## SOURCE DATA
□ □ □ □

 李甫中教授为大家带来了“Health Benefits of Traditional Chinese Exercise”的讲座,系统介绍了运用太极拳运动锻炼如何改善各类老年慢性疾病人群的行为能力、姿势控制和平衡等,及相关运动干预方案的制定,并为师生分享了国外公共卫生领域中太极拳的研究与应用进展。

□ □ □ □

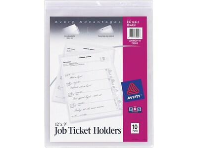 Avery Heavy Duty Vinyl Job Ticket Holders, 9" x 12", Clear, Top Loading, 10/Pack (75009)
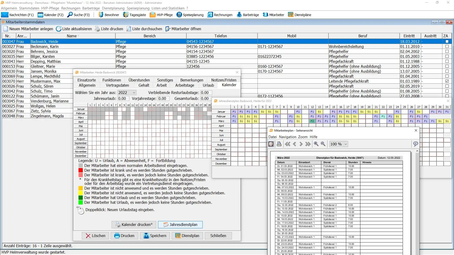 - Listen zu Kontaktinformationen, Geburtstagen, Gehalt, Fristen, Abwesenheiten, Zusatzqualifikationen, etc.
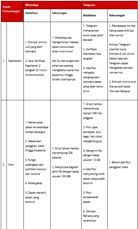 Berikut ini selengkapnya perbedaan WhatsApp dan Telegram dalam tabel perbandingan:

□ □ □ □

## ASSIGNMENT
Copy out exactly the material that runs from the line with "Avery Heavy Duty" to the line with "Berikut ini selengkapnya", ends included, and leave the pictures behind.

## WRITTEN REPLY
 Avery Heavy Duty Vinyl Job Ticket Holders, 9" x 12", Clear, Top Loading, 10/Pack (75009)
 - Listen zu Kontaktinformationen, Geburtstagen, Gehalt, Fristen, Abwesenheiten, Zusatzqualifikationen, etc.
 Berikut ini selengkapnya perbedaan WhatsApp dan Telegram dalam tabel perbandingan:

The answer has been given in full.